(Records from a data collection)
════════════════

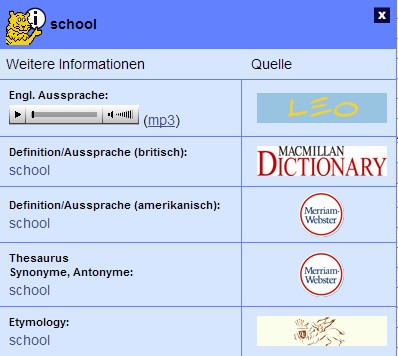 The new Website of the Online dictionary leo.org it allows you not, language examples to download. This Feature, however, there were some time ago. With a little Trick, you can access the older Version of leo.org and this examples as MP3 voice download files:
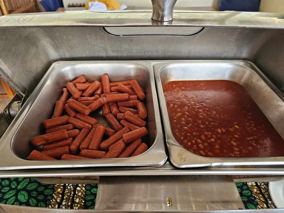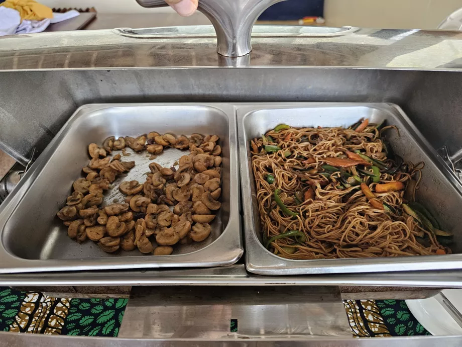 Ada tiga jenis makanan panas yang bisa dipilih - kebanyakan mie atau nasi, sosis dengan kualitas yang sangat buruk, panekuk chapati atau kue-kue lokal lainnya, sayuran yang dimasak, kacang-kacangan atau jamur.
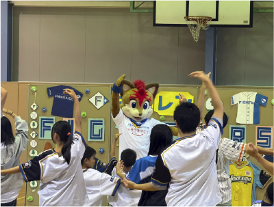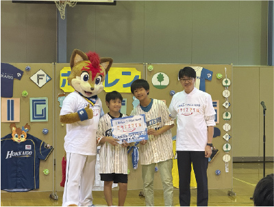 贈呈セレモニーに駆けつけてくれた特別ゲストは、ファイターズのマスコットキャラクターであるフレップ。人気者の登場に、子どもたちは大喜びです。
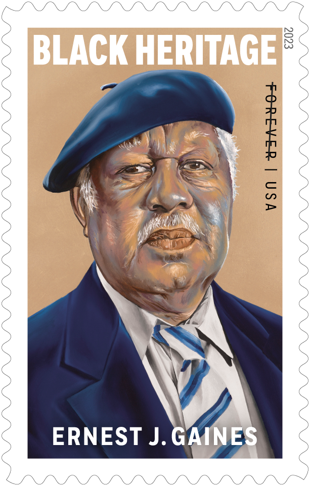 Ernest J. Gaines Black Heritage Forever Stamp The 46th stamp in the Black Heritage series honors Ernest J. Gaines (1933-2019). Best known for such novels as "The Autobiography of Miss Jane Pittman" and "A Lesson Before Dying," Gaines drew from his childhood as the son of sharecroppers on a Louisiana plantation to explore the untold stories of rural African Americans, adding a vital voice to American literature. The stamp features an oil painting of Gaines, based on a 2001 photograph. Mike Ryan designed the stamp with art by Robert Peterson. Greg Breeding served as art director. The University of Louisiana at Lafayette is home to the Ernest J. Gaines Center, which offers scholars valuable archival resources to conduct their research, as well as educational tools that provide historical resources about Gaines that in a digital archive that allows research of Gaines' work possible from around the globe. |
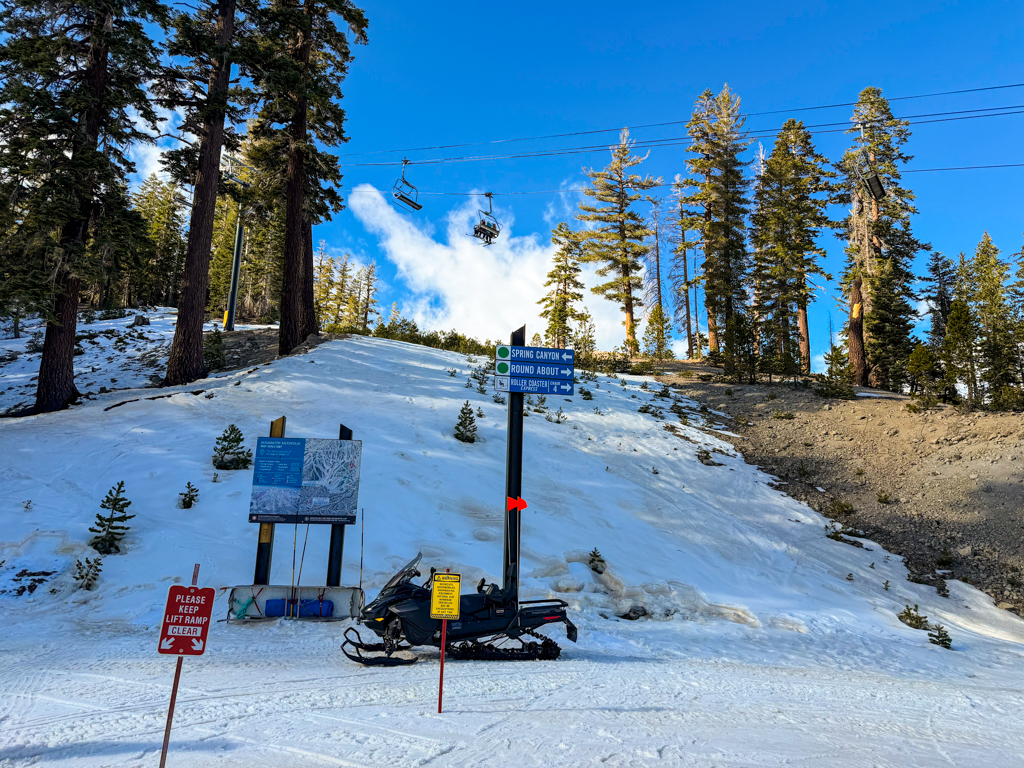 But unlike at Mountain High, the staff didn’t yell at me. Instead, they encouraged me and acknowledged that getting off a lift is not easy. At all. One of the staff members said that he teaches his young students to extend their left arm outward when planning to disembark, so that their body is naturally turned in the direction of the arm.
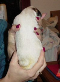 All the marked pups have symmetrical markings. This is the first female. We just photographed the females on the first night, because Debi wanted a record of "her" pup, whichever one it was going to be..

════════════════

### Exercise requirements:
Every entry should come back exactly as written, only without images.

### Solution to the problem:
 The new Website of the Online dictionary leo.org it allows you not, language examples to download. This Feature, however, there were some time ago. With a little Trick, you can access the older Version of leo.org and this examples as MP3 voice download files:
 Ada tiga jenis makanan panas yang bisa dipilih - kebanyakan mie atau nasi, sosis dengan kualitas yang sangat buruk, panekuk chapati atau kue-kue lokal lainnya, sayuran yang dimasak, kacang-kacangan atau jamur.
 贈呈セレモニーに駆けつけてくれた特別ゲストは、ファイターズのマスコットキャラクターであるフレップ。人気者の登場に、子どもたちは大喜びです。
 Ernest J. Gaines Black Heritage Forever Stamp The 46th stamp in the Black Heritage series honors Ernest J. Gaines (1933-2019). Best known for such novels as "The Autobiography of Miss Jane Pittman" and "A Lesson Before Dying," Gaines drew from his childhood as the son of sharecroppers on a Louisiana plantation to explore the untold stories of rural African Americans, adding a vital voice to American literature. The stamp features an oil painting of Gaines, based on a 2001 photograph. Mike Ryan designed the stamp with art by Robert Peterson. Greg Breeding served as art director. The University of Louisiana at Lafayette is home to the Ernest J. Gaines Center, which offers scholars valuable archival resources to conduct their research, as well as educational tools that provide historical resources about Gaines that in a digital archive that allows research of Gaines' work possible from around the globe. |
 But unlike at Mountain High, the staff didn’t yell at me. Instead, they encouraged me and acknowledged that getting off a lift is not easy. At all. One of the staff members said that he teaches his young students to extend their left arm outward when planning to disembark, so that their body is naturally turned in the direction of the arm.
 All the marked pups have symmetrical markings. This is the first female. We just photographed the females on the first night, because Debi wanted a record of "her" pup, whichever one it was going to be..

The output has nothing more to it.